Once you do so you receive the following message shown above and finally discover the Truth, which is that you’ve simply been playing a computer game this entire time.
It is a rare occasion indeed that I throw my hands up in the air and resort to a hint. In this case I am glad that I did because I think I could have easily spent several more hours wrestling with this game. It is definitely a unique experience to anything else I’ve played so far in this era. Again, I’ve never seen the TV show but the author of the game definitely gives you a paranoid, oppressive, bizarre experience.
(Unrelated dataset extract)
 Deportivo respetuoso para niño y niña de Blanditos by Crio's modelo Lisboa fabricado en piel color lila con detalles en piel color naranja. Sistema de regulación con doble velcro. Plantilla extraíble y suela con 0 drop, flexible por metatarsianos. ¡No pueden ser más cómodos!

If you’re an individual that spent hours on this game and tugged on the various myriad threads and solved this completely on your own then I tip my hat to you.
The irony here is that the ultimate solution is that you were playing a game however rather than feeling like a game it felt more like an “experience”.
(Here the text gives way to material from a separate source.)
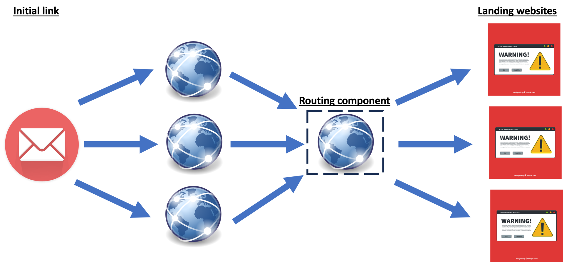 That is, even after the original phishing landing website was taken down and was no longer active, the redirecting infrastructure was still active, enabling the redirection to a new scam website.

I really enjoyed this article – great job!
I’ve not played this game but I have watched the TV series (multiple times in fact) and can confirm that the game is definitely in keeping with the spirit of the show! The history of computer game/TV programme tie-ins is littered with failures, so it’s refreshing to find a game that is a successful adaptation.
Thank you William. The game makes me want to go and watch the TV series now. I am surprised that we haven’t seen an updated version of this theme or show as I think it would be very popular. My understanding is that Sierra-On-Line bought the rights to the game (Prisoner 2 is just a cosmetic polishing but the same game) and had plans to do a sequel but could not find the right author to pull the theme off as David Mullich had done. They tried to commission him to do the game but he refused to move to where Sierra’s headquarters was located and eventually they gave up looking for someone to do it.
Yes, “The Prisoner” is well worth hunting down and watching – it remains, fifty years on, a remarkable and utterly distinctive television programme. It was reissued a few years back on Blu-ray and DVD, so is pretty easy to find inexpensively.
AMC and ITV did try to reboot the show a decade or so back but, despite investing a lot of money into the cast and location, it wasn’t very good. Best to stay with the original version!
It wasn’t very good, but I thought the twist about the nature of the village and Number Six’s life outside of it was a perfect example of a modern idea that properly embraced the 60s psychedelia of the original.